- Film poster
- Directed by: Michael Verhoeven
- Written by: Michael Verhoeven
- Produced by: Rob Houwer
- Starring: Gustl Bayrhammer; Eva Mattes; Hartmut Becker; Hanna Burgwitz; Rolf Castell [de];
- Cinematography: Igor Luther; Claus Neumann;
- Music by: Axel Linstädt
- Distributed by: Houwer-Film; Film- und Fernsehproduktion Munich;
- Release date: June 1970 (Berlin);
- Running time: 79 minutes
- Country: West Germany
- Language: German

= O.k. (film) =

o.k., sometimes spelled O.K., is a 1970 West German anti-war film written and directed by Michael Verhoeven.
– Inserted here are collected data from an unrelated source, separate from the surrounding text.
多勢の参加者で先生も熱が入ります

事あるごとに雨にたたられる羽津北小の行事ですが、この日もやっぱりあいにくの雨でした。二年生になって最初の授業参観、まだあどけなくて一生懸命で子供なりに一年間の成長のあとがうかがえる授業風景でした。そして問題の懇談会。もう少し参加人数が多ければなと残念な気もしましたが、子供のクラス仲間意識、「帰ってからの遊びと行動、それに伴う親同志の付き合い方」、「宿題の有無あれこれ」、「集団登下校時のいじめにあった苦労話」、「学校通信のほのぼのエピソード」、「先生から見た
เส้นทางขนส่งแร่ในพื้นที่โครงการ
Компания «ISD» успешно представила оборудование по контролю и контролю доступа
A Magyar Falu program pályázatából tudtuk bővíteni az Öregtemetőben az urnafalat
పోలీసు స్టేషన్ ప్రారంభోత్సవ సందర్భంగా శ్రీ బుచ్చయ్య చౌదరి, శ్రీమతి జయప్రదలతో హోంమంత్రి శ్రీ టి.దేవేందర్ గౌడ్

It was chosen as West Germany's official submission to the 43rd Academy Awards for Best Foreign Language Film, but did not receive a nomination. The film was also entered into the 20th Berlin International Film Festival. However, the competition was cancelled and no prizes were awarded, over controversy surrounding the film.

==Plot==
A four-man US fireteam on patrol seizes a passing young Vietnamese girl and proceeds to torture and kill her. Only one soldier refuses to take part in it and reports this incident to his superior, who dismisses it as a simple wartime incident. As a consequence of his report, the soldier has to fear for his life. Later, the perpetrators are convicted, although subsequent appeals reduce their sentences significantly.
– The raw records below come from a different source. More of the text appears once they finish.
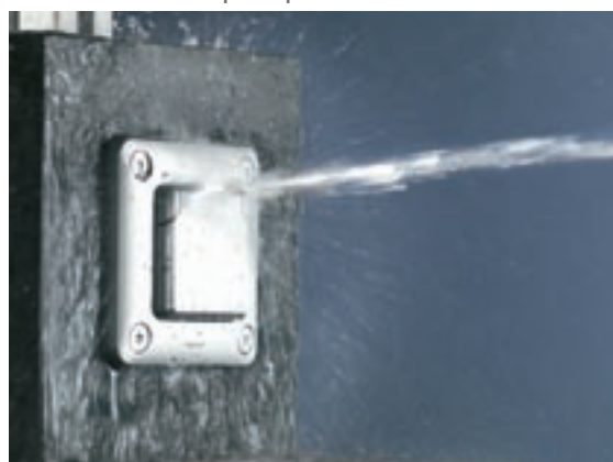
IP 55: IMPERMEABILITA' GARANTITA | Per i dispositivi destinati alla installazione all'aperto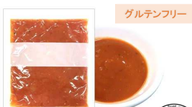
MULTI-USE Tomato Sauce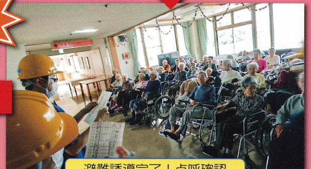
避難誘導完了！点呼確認

The events take place in a Bavarian forest and depict the 1966 Incident on Hill 192 during the Vietnam War. The soldiers wear US uniforms and have authentic names, but speak with a pronounced Bavarian accent—a conscious directing decision known as the Brechtian distancing effect.

==Cast==
In alphabetical order
- Gustl Bayrhammer - Captain Vorst
- Hartmut Becker - Ralph Clarke
- Senta Berger - Herself
- Hanna Burgwitz - Josefine
- Rolf Castell - Reilly
- Wolfgang Fischer - Rafe
- Eva Mattes - Phan Ti Mao
- Ewald Precht - Soldier Diaz
- Vera Rheingold
- Peter van Anft
- Michael Verhoeven - Sven
- Friedrich von Thun - Sergeant Tony Meserve
- Rolf Zacher - Rowan

==Controversy==
During the 1970 Berlin Film Festival, the jury, headed by American film director George Stevens, decided after a 7–2 vote to remove the film from the competition, justifying their decision by citing a FIAPF (International Federation of Film Producers Associations) guideline that said: "All film festivals should contribute to better understanding between nations". The decision came as a result of the film's subject matter (its depiction of the Incident on Hill 192). Stevens, who had served during the Second World War, claimed that the film was anti-American.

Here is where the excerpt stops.